Wednesday, June 17, 2020 - 3:00pm to 4:00pm

Speaker

Judith Frydman, Ph.D.
Professor
Donald Kennedy Chair in Humanities and Sciences, Department of Biology and Genetics
Stanford University

Summary

Judith Frydman is a professor in the Departments of Biology and Genetics at Stanford University. She is originally from Argentina, where she majored in Chemistry and received her PhD in Biochemistry from the University of Buenos Aires. She carried out her postdoctoral training with Ulrich Hartl at the Sloan Kettering Institute in New York, where she had two major contributions to the field of cellular protein folding. First, she discovered that eukaryotic cells have a ring-shaped chaperonin complex, which was termed TRiC and secondly, she established that, unlike what was previously believed based on biophysical experiments, protein folding in in eukaryotic cells occurs cotranslationally as polypeptides emerge from ribosomes during their biosynthesis. Importantly, she showed that distinct molecular chaperones are specifically recruited to bind ribosome-nascent chain complexes to assist cotranslational folding. These fundamental discoveries have shaped current thinking of protein folding in vivo.

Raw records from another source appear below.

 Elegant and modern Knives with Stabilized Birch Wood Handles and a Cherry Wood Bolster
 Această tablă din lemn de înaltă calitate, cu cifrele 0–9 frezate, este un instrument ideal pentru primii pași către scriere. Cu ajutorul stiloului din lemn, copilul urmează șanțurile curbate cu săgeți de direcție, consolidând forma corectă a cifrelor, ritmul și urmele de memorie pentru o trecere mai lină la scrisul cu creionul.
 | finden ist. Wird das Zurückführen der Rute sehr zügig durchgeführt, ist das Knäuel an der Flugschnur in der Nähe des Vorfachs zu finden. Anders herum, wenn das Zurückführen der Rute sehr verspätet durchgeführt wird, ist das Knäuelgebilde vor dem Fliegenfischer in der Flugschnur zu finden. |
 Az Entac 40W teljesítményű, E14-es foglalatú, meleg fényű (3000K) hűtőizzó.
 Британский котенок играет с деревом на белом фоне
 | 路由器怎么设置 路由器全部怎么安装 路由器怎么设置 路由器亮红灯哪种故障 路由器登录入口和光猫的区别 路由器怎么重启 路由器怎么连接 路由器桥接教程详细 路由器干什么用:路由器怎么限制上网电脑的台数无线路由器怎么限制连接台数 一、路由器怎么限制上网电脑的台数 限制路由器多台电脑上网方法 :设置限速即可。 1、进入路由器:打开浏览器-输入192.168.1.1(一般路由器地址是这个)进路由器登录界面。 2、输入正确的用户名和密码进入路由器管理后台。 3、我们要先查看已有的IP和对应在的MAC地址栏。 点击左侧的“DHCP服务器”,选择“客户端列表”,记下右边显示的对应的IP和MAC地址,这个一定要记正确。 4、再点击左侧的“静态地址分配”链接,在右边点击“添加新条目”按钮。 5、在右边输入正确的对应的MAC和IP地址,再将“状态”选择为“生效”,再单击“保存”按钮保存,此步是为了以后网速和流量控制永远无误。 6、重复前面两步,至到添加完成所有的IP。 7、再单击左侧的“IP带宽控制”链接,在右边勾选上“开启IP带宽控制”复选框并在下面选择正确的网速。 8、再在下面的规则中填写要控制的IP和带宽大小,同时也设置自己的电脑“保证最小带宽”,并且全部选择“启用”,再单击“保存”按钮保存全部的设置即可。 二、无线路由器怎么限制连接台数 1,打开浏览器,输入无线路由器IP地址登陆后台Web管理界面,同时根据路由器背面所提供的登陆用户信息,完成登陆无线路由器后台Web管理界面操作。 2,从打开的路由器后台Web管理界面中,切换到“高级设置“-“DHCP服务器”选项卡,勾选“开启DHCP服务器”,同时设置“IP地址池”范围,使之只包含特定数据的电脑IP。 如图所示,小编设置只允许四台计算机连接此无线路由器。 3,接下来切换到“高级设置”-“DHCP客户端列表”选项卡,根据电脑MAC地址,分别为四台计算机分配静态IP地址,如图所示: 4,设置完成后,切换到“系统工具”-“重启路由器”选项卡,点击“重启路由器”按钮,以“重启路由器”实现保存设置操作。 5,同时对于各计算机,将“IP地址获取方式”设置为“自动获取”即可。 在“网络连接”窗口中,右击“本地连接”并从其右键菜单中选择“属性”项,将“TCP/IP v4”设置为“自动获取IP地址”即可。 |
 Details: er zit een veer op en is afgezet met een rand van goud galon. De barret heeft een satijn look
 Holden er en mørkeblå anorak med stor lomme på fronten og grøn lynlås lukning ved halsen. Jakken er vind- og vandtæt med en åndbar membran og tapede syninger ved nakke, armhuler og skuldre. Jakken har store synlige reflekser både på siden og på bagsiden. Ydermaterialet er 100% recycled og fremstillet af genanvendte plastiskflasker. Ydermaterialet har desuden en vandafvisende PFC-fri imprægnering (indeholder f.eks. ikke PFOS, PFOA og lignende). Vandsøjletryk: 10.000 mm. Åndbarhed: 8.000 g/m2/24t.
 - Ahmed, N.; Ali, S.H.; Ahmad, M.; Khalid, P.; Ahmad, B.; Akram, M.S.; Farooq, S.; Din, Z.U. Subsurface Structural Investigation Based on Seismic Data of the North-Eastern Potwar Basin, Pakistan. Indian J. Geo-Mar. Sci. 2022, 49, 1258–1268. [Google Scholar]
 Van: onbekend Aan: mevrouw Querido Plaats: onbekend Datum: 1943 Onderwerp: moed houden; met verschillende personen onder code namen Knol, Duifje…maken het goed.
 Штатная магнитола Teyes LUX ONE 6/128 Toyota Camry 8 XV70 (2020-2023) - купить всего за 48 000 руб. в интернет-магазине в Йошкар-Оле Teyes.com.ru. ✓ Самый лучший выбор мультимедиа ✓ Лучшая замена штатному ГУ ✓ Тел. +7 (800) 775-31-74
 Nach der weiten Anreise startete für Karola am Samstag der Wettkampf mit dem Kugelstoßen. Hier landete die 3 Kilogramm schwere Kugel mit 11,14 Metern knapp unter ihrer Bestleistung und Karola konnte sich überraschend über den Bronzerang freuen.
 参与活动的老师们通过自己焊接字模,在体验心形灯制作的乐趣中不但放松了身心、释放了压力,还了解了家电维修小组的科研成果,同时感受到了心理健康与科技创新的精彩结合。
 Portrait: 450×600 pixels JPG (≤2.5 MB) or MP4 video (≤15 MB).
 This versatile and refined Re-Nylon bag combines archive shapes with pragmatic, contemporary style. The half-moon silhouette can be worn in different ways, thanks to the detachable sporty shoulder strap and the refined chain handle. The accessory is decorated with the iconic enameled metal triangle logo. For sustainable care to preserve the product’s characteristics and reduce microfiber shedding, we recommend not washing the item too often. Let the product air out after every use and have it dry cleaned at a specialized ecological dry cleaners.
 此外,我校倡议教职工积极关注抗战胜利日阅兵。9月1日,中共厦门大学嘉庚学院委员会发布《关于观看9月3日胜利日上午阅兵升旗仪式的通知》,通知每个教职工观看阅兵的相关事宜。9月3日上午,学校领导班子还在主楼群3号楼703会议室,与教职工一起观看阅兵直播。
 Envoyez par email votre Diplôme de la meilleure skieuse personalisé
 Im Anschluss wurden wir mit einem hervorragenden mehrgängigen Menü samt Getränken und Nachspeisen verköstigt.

Her independent research at Stanford University has established many key principles of cellular protein folding and homeostasis. Her group discovered that distinct protein homeostasis networks mediate cotranslational folding and protein quality control: A network of Chaperones Linked to Protein Synthesis (CLIPS) function in the context of translation to assist in cotranslational protein folding and quality control. A distinct stress inducible chaperone network protects cells from proteotoxic stress. In recent year, Frydman made important contributions defining the management of misfolded and aggregation-prone proteins. Her group discovered that cells rely on chaperone-dependent spatial sequestration in specific cellular compartments to protect and repair their proteome. She also defined chaperone-dependent pathways that cooperate with specific sets of ubiquitin ligases to promote misfolded protein clearance. The insights her work provides on biological mechanisms controlling cellular protein folding, aggregation and quality control have important implications for the study of aging, neurodegenerative diseases and other misfolding-linked maladies and enable strategies for the treatment of infectious disease and neurodegenerative diseases.